We obtain \begin{align*} \color{blue}{\sum_{i=0}^{k}}\color{blue}{\binom{2i}{i}\frac{1}{4^i}} &=\sum_{i=0}^{k}[z^i]\frac{1}{\sqrt{1-z}}\tag{2}\\ &=[z^0]\frac{1}{\sqrt{1-z}}\sum_{i=0}^{k}z^{-i}\tag{3}\\ &=[z^0]\frac{1}{\sqrt{1-z}}\cdot\frac{\left(\frac{1}{z}\right)^{k+1}-1}{\frac{1}{z}-1}\tag{4}\\ &=[z^k]\frac{1-z^{k+1}}{(1-z)^{3/2}}\tag{5}\\ &=[z^k]\sum_{j=0}^\infty\binom{-\frac{3}{2}}{j}(-z)^j\tag{6}\\ &=[z^k]\sum_{j=0}^\infty\binom{j+\frac{1}{2}}{j}z^j\tag{7}\\ &\,\,\color{blue}{=\binom{k+\frac{1}{2}}{k}} \end{align*}

and the claim follows.

Comment:

  • In (2) we apply the coefficient of operator according to (1).

  • In (3) we use the rule $[z^{p-q}]A(z)=[z^p]z^qA(z)$.

  • In (4) we apply the finite geometric series formula.

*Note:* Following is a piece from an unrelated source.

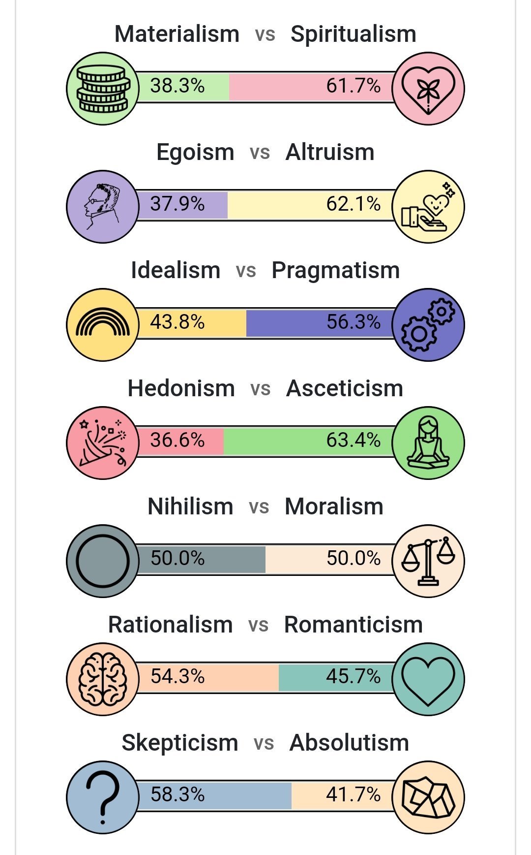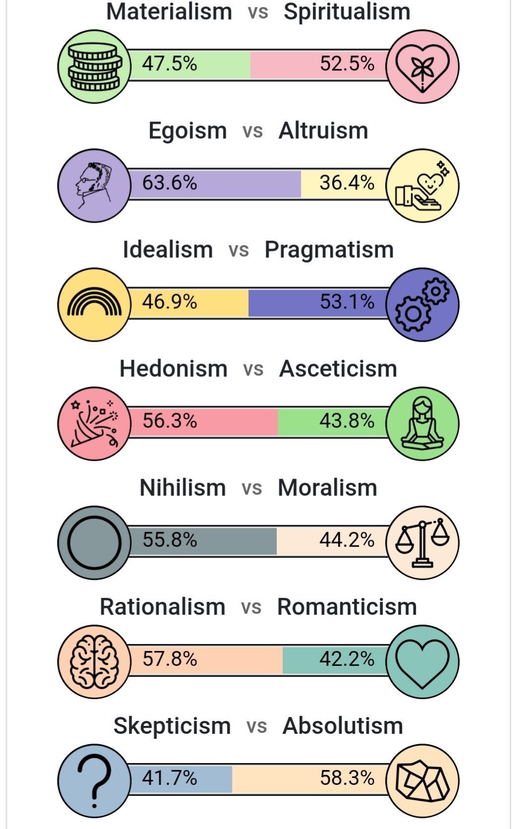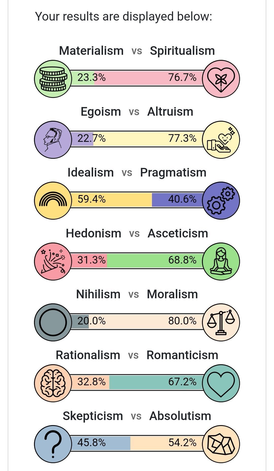 Dans le test, en fait, l'axe pragmatisme / idéalisme ne mesure pas ta personnalité mais ton opinion sur la possibilité d'une société idéale. Je pense pas que c'est une question de personnalité mais plus une question de génération. De de nos jours les gens sont centrés sur eux-mêmes, ne croient en rien et n'ont pas d'idée sur comment améliorer la société ou s'en foutent.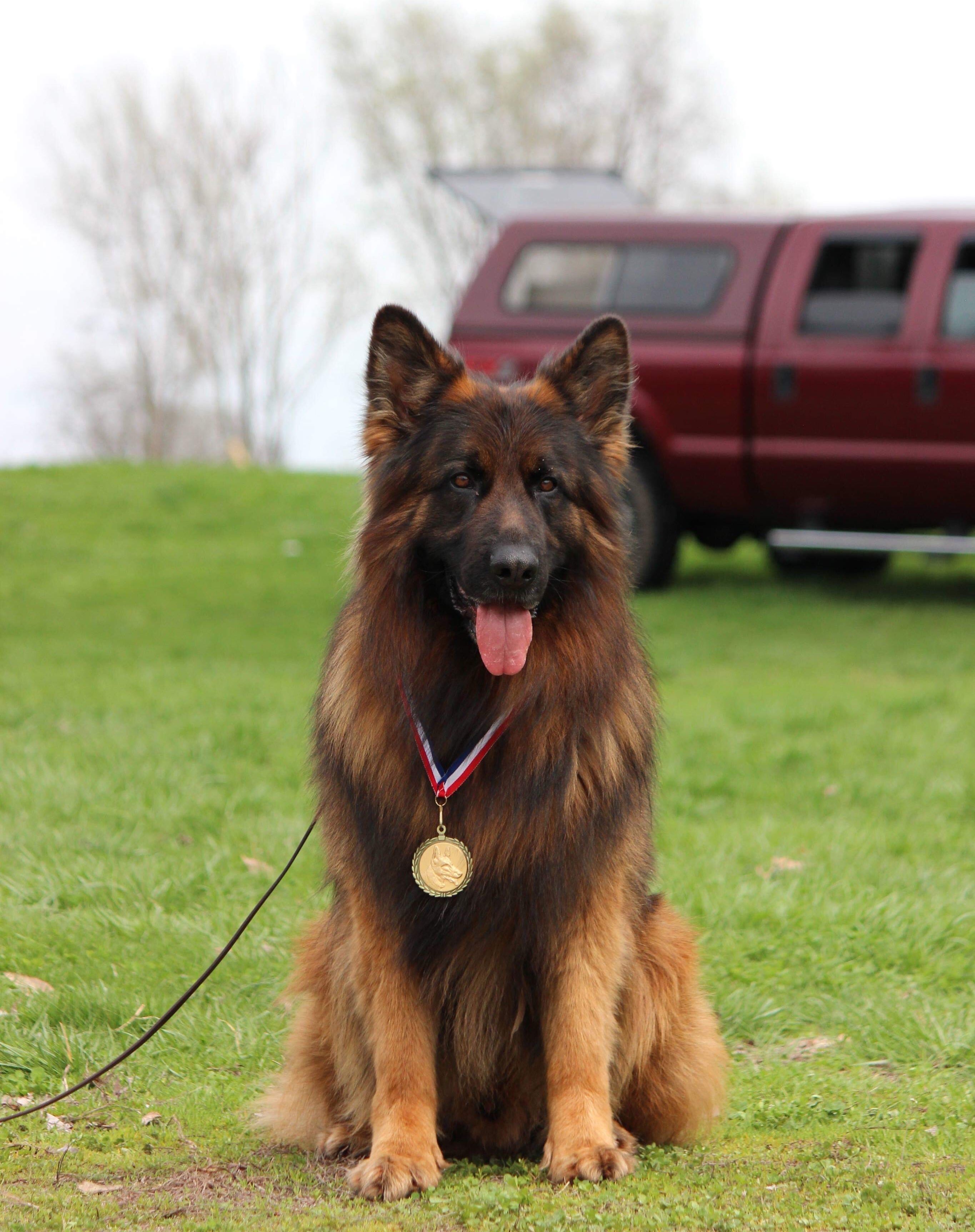 For my birthday, my parents gave me a little puppy named Trinity who was born May 20, 2012. Together we learned how to train and show! We conquered the AKC ring in Obedience and Rally. We later participated in Schutzhund earning our BH. She is now retired after giving me 4 gorgeous kids to carry on her genetics. Trinity is my heart and soul!

  • In (5) we do some simplifications and apply the rule from (3) again.

  • In (6) we observe $z^{k+1}$ in the numerator does not contribute to $[z^k]$ and we make a binomial series expansion.

  • In (7) we use the binomial identity $\binom{-p}{q}=\binom{p+q-1}{q}(-1)^q$.

  • In (8) we finally select the coefficient of $z^k$.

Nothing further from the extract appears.